Left: U.S. Rep. Adam Schiff (D-CA) attends a hearing by the Select Committee to Investigate the January 6th Attack on the U.S. Capitol in the Cannon House Office Building on June 13, 2022 in Washington, DC. Right: Rep. Scott Perry, R-Pa., talks on the phone in Rayburn Building on Thursday, October 1, 2020.
Left: Chip Somodevilla/Getty Images. Right: Tom Williams/CQ-Roll Call, Inc via Getty Images.
The DOJ is investigating efforts to overturn the 2020 election and confiscated Rep. Scott Perry’s phone.
Rep. Adam Schiff said the seizure suggests the department views the fake elector’s scheme as criminal.
Perry called the seizure an “abuse of power” on Fox News Sunday.
California Democratic Rep. Adam Schiff said that it’s possible the Justice Department views the GOP fake electors scheme as criminal.
The DOJ is investigating Republican efforts to overturn the 2020 election and Rep. Scott Perry, an ally of former President Donald Trump, is apparently a key figure in the probe.
Perry’s phone was seized on Tuesday and several lawmakers in Pennsylvania have been subpoenaed by the FBI looking for information on the Pennsylvania Republican.
The California congressman called the confiscation “striking” because “probable cause” of Perry committing a crime would have to have been established.
“And the fact that it was a member of Congress’s phone, I think, would make the Justice Department all the more certain, or need to be certain, that they had the probable cause,” Schiff told anchor Margaret Brennan on CBS News’ “Face the Nation.”
“And that also suggests the Department thinks that this fake elector plot was a violation of law, which I think it certainly was. So, I think it’s very significant. All those respects,” he added.
Trump allies have been accused of attempting to create alternate slates of electors in support of Trump in seven swing states — including Pennsylvania — to overturn Biden’s presidential victory.
Perry has said he introduced Trump to Jeffrey Clark, a Justice Department official who believed the election was inaccurate.
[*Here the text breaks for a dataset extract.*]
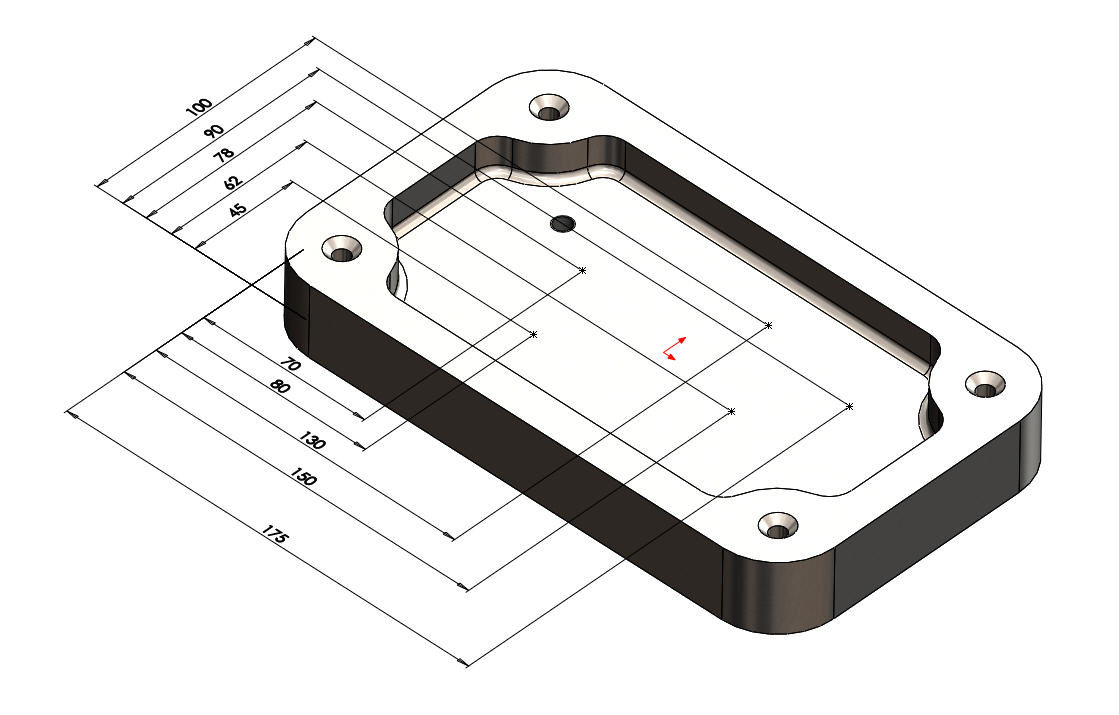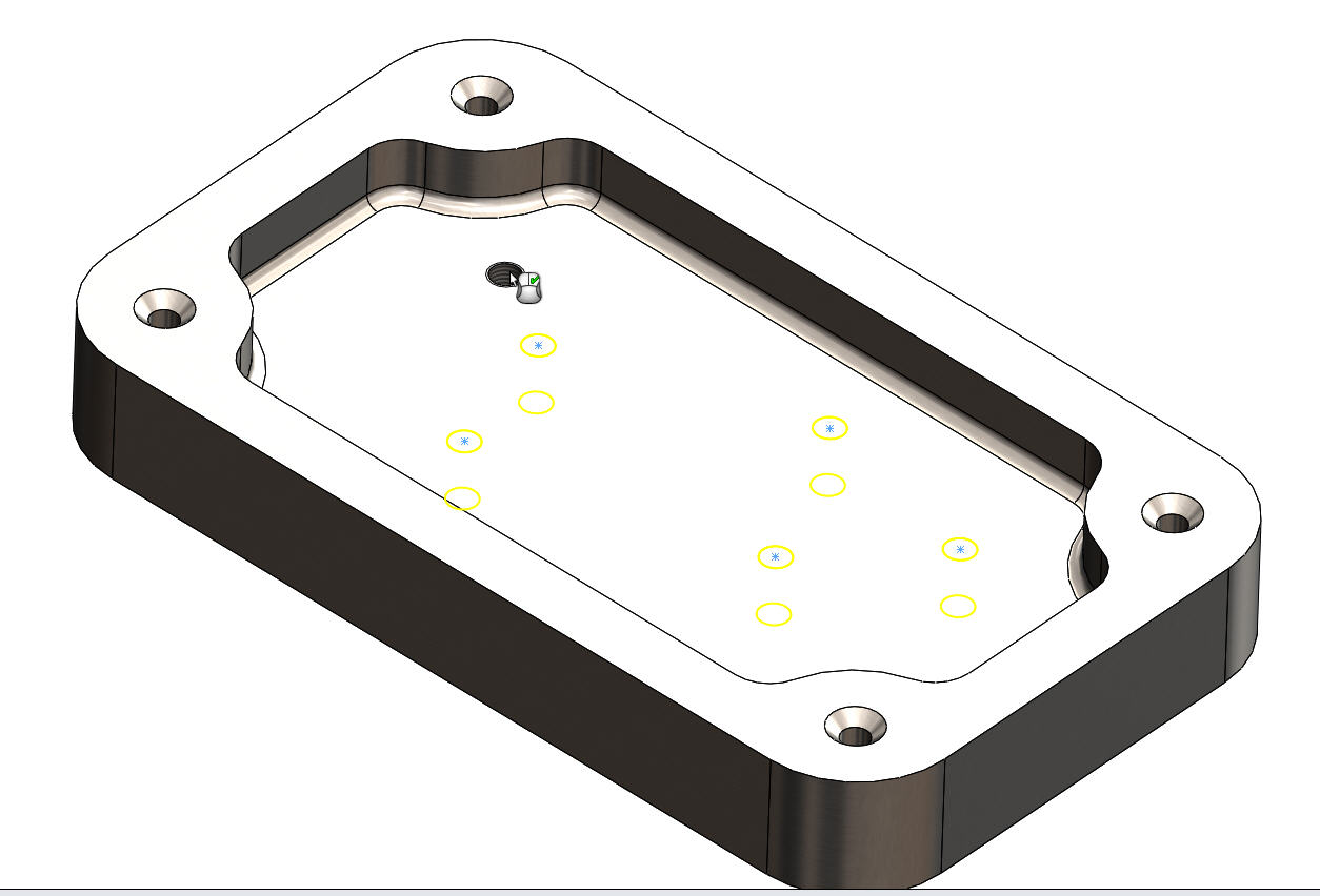 An often forgotten feature within SOLIDWORKS, sketch driven pattern is extremely useful if a repeated feature is patterned on a planar face without a singular directional vector, or ‘irregular’ spacing. Take this simple example; the aim is to create an array of tapped holes at irregular intervals where the linear pattern would not be applicable- unless it was done with many features.

The January 6 House Select Committee found that Clark, who Trump tried to place as attorney general, penned a draft of an unsent letter to officials in six states suggesting they select alternate electors.
Perry called the seizure of his phone an “abuse of power” on Fox News’ “Sunday Morning Futures.”
“Anybody that doesn’t bend the knee, that isn’t intimidated, that isn’t parroting the narrative, is now subject to these kinds of third-world banana republic tactics,” he added.
Perry, who was endorsed by Trump in 2018 and 2020, was the first congressional lawmaker to have their phone seized during the investigation, The Washington Post reported.
Text messages obtained by the January 6 House Select Committee found that Perry texted then-White House Chief of Staff Mark Meadows five days after President Biden was declared the winner of the 2020 election to “immediately seize” Dominion voting machines. Perry argued that “the Brits” and the CIA manipulated the vote.
Former Trump aides said that Perry, who has been a vocal proponent of Trump and baseless conspiracy theories, is one of six GOP lawmakers that sought preemptive pardons after the January 6 Capitol riot.
Perry and Schiff did not immediately respond to Insider’s request for comment.